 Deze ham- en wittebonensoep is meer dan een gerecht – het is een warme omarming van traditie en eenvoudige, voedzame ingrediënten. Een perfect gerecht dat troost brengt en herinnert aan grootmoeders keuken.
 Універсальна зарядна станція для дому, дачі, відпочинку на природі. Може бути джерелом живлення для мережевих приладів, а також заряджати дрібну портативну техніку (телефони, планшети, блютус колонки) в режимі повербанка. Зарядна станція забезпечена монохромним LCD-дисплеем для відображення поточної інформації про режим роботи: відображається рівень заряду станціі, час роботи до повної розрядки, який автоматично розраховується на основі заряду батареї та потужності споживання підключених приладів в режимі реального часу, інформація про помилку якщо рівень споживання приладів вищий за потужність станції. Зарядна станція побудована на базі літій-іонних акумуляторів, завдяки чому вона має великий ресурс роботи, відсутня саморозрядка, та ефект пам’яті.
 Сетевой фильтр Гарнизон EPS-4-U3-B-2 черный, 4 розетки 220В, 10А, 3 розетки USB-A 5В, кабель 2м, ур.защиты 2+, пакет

========================================================================

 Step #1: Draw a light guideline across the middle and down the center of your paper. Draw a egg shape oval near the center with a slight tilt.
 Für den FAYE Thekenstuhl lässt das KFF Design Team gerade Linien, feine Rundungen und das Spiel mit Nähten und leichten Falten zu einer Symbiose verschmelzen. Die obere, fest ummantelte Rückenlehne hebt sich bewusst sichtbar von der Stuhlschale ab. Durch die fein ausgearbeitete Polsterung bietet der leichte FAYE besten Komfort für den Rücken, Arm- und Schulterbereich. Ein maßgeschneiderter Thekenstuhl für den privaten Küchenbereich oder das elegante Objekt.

========================================================================

What the exercise asks - Copy the entries above exactly, but only from the line holding "Універсальна зарядна станція" through the line holding "Сетевой фильтр Гарнизон", both included.

Answer box -
 Універсальна зарядна станція для дому, дачі, відпочинку на природі. Може бути джерелом живлення для мережевих приладів, а також заряджати дрібну портативну техніку (телефони, планшети, блютус колонки) в режимі повербанка. Зарядна станція забезпечена монохромним LCD-дисплеем для відображення поточної інформації про режим роботи: відображається рівень заряду станціі, час роботи до повної розрядки, який автоматично розраховується на основі заряду батареї та потужності споживання підключених приладів в режимі реального часу, інформація про помилку якщо рівень споживання приладів вищий за потужність станції. Зарядна станція побудована на базі літій-іонних акумуляторів, завдяки чому вона має великий ресурс роботи, відсутня саморозрядка, та ефект пам’яті.
 Сетевой фильтр Гарнизон EPS-4-U3-B-2 черный, 4 розетки 220В, 10А, 3 розетки USB-A 5В, кабель 2м, ур.защиты 2+, пакет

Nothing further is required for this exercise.